Buteau Jean, Spatz Marianne L, Accili Domenico
Department of Medicine, Naomi Berrie Diabetes Center, Columbia University Medical Center, Berrie Research Pavilion, 1150 St. Nicholas Ave., Room 238, New York, NY 10032, USA.
Diabetes. 2006 May;55(5):1190-6. doi: 10.2337/db05-0825.

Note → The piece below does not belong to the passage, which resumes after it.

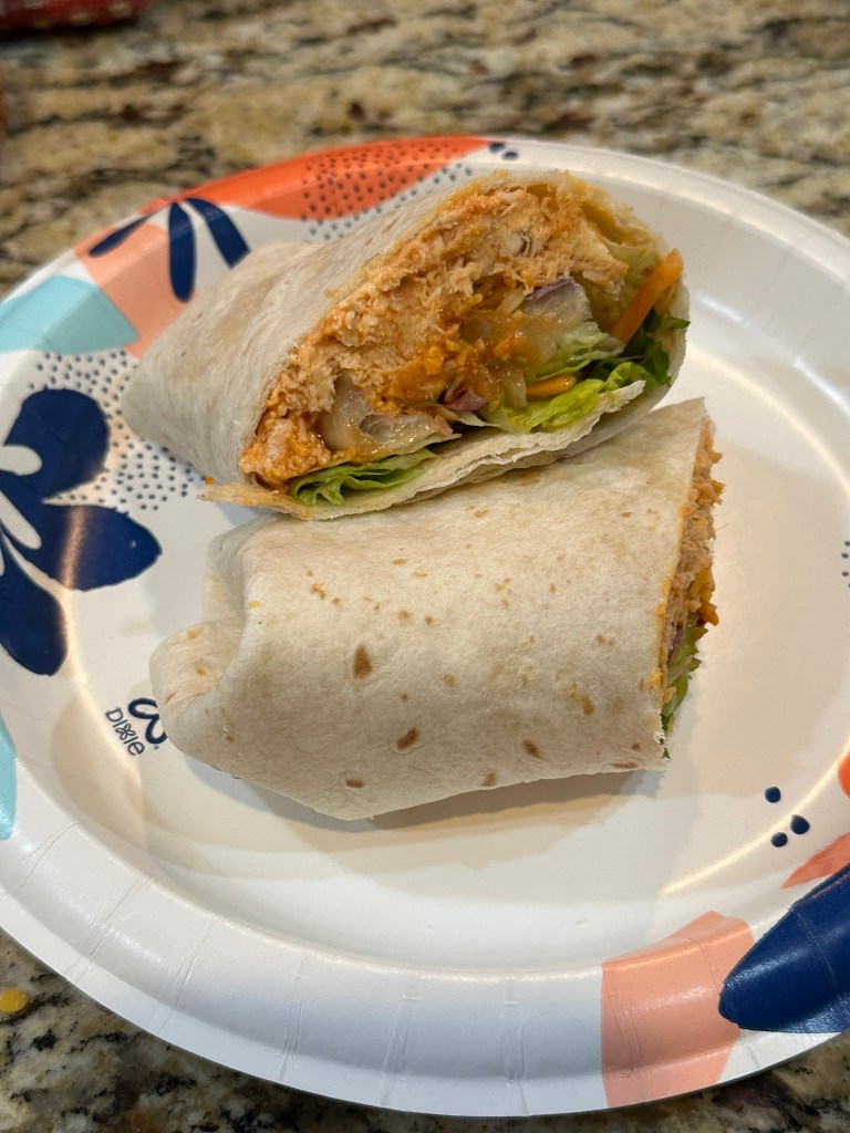 I love buffalo chicken and cooked chicken yesterday for the Super Bowl to make a buffalo chicken dip that didn’t end up coming together. Having the chicken already cooked made for a quick and easy dinner tonight.

The glucoincretin hormone glucagon-like peptide-1 (GLP-1) increases pancreatic beta-cell proliferation and survival through sequential activation of the epidermal growth factor receptor (EGFR), phosphatidylinositol-3 kinase (PI 3-kinase), and Akt. We investigated the role of transcription factor FoxO1 in the proliferative and antiapoptotic actions of GLP-1 in beta-cells. GLP-1 inhibited FoxO1 through phosphorylation-dependent nuclear exclusion in pancreatic beta (INS832/13) cells. The effect of GLP-1 was suppressed by inhibitors of EGFR (AG1478) and PI 3-kinase (LY294002). In contrast, LY294002 but not AG1478 suppressed insulin-induced FoxO1 phosphorylation. Expression of constitutively nuclear FoxO1 in beta-cells prevented the proliferative and antiapoptotic actions of GLP-1 in cultured beta-cells and the increase in pancreatic beta-cell mass in response to Exendin4 in transgenic mice. Gene expression and chromatin immunoprecipitation assays demonstrated that GLP-1 increases pancreatic and duodenal homeobox gene-1 and Foxa2 expression and inhibits FoxO1 binding to both promoters. We propose that FoxO1 mediates the pleiotropic effects of the glucoincretin hormone on cell proliferation and survival.
胰高血糖素样肽-1(GLP-1)这种肠促胰岛素激素通过依次激活表皮生长因子受体(EGFR)、磷脂酰肌醇-3激酶(PI 3-激酶)和Akt,增加胰腺β细胞的增殖和存活。我们研究了转录因子FoxO1在GLP-1对β细胞的增殖和抗凋亡作用中的作用。在胰腺β(INS832/13)细胞中,GLP-1通过磷酸化依赖性核排除抑制FoxO1。EGFR抑制剂(AG1478)和PI 3-激酶抑制剂(LY294002)抑制了GLP-1的作用。相反,LY294002而非AG1478抑制胰岛素诱导的FoxO1磷酸化。β细胞中组成型核FoxO1的表达阻止了GLP-1在培养的β细胞中的增殖和抗凋亡作用,以及转基因小鼠中对艾塞那肽4反应时胰腺β细胞质量的增加。基因表达和染色质免疫沉淀分析表明,GLP-1增加胰腺和十二指肠同源盒基因-1以及Foxa2的表达,并抑制FoxO1与两个启动子的结合。我们提出,FoxO1介导了肠促胰岛素激素对细胞增殖和存活的多效性作用。